Until now, investors have been happy to finance the resulting deficits, in part because government bonds have seemed the only safe place to put your funds, but also because central banks have, in effect, been creating money to compensate for the paucity of private-sector credit. The mechanism varies from region to region, but much of this new money has found its way into deficit financing.

We are now entering the third, inevitable phase of the crisis where markets question the ability of even sovereign nations to repay their debts. Unnerved by this loss of fiscal and monetary credibility, governments and central banks are being forced, much sooner than they would have wished, to start withdrawing their support.

I say earlier than they would have wished because the recovery is not yet assured. Private demand and credit provision remain subdued. Policy-makers knew they would eventually have to abandon their fiscal and monetary support, but the timing of it may no longer be a matter of choice.

The first tremors around these so-called "exit strategies" occurred in Dubai a few months back when the emirate, fearing for its own solvency, shocked markets by announcing that it no longer stood behind the debts of its financially stretched state-owned enterprises. In this case, Dubai’s fellow and richer emirate, Abu Dhabi, eventually came to the rescue.

It is much less clear that Greece, Spain, Portugal and Ireland can rely on similar support, either from richer members of the euro area or the European Central Bank.

For the "pigs", membership of the euro excludes the easy option, which is to devalue and turn on the printing presses according to local needs. Instead, monetary policy, and increasingly fiscal policy too, are dictated by Germany and France, the core euro nations.

Whether the fiscal consolidation demanded is politically feasible looks questionable. And even if these countries do succeed in making the necessary adjustments, they may face a classic deflationary debt spiral, where slashing the deficit causes the economy to shrink further which, in turn, increases the deficit.

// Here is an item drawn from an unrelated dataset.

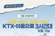 한국공익신문 관리자 기자 | 12월 30일부터 서울~부산, 강릉~부산 KTX-이음으로 3시간대 이동 가능 ■ 중앙선 운행 횟수 대폭 확대 청량리~부전 구간: 하루 총 6회→18회, 3배 증편 ■ 동해선 부전(부산)~강릉 운행 소요시간 3시간 54분으로, 기존 ITX-마음 운행(5시간 4분)대비 약 1시간 10분 단축 [뉴스출처 : 국토교통부]
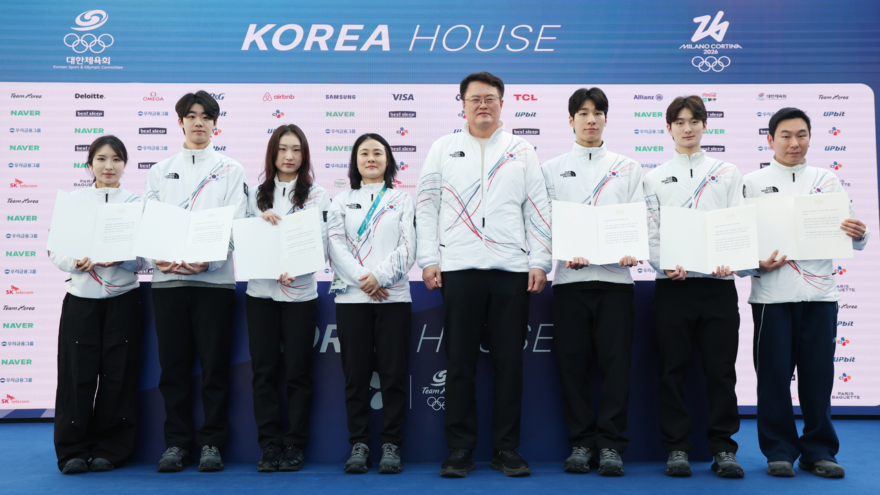| 쇼트트랙 대표팀 선수 및 코치들이 이탈리아 밀라노 코리아하우스에서 김대현 문화체육관광부 제2차관으로부터 이재명 대통령의 축전을 전달받은 뒤 기념사진을 찍고 있다. [연합] |

Little surprise, then, that one of the big bets in markets right now is that these distressed members of the euro will be forced either into default, or rather like Britain with the ERM in the early 1990s, out of the single currency altogether. Serious knock-on consequences for creditor economies would follow.

Yet to true believers in the doomsday scenario, even an outcome as extreme as this would not be the end of the crisis. Fiscal ruin is not confined to the southern European nations. The hors d’oeuvre consumed, it would be on to the main course – the default of one or more of the big, triple-A rated sovereigns. Financial and economic chaos would follow quickly in its wake.

There’s a world of worry out there, fed by self-interested speculators, which is proving hard to counter. Yet things rarely work out as predicted, and though nobody should be in any doubt about the scale of the economic adjustment still to be made in Western economies, more benign outcomes are still possible. Bigger, advanced economies with their own currencies are better placed to manage their exits than the "pigs".

However, right now, both Washington and London seem gripped by the sort of political paralysis that can indeed prove lethal. We should not assume that the sudden loss of market confidence that has afflicted Greece – essentially a developing market economy that should never have been in the euro in the first place – will be confined to the "pigs". The burgeoning size of public indebtedness the world over makes all economies vulnerable.

Even so, this week’s tremors should be seen as more of a warning than the beginning of a fatal endgame. The austerity of tighter fiscal and monetary conditions is coming to all of us. With or without the compliance of policy-makers, the markets will impose it. But it doesn’t have to be a rout.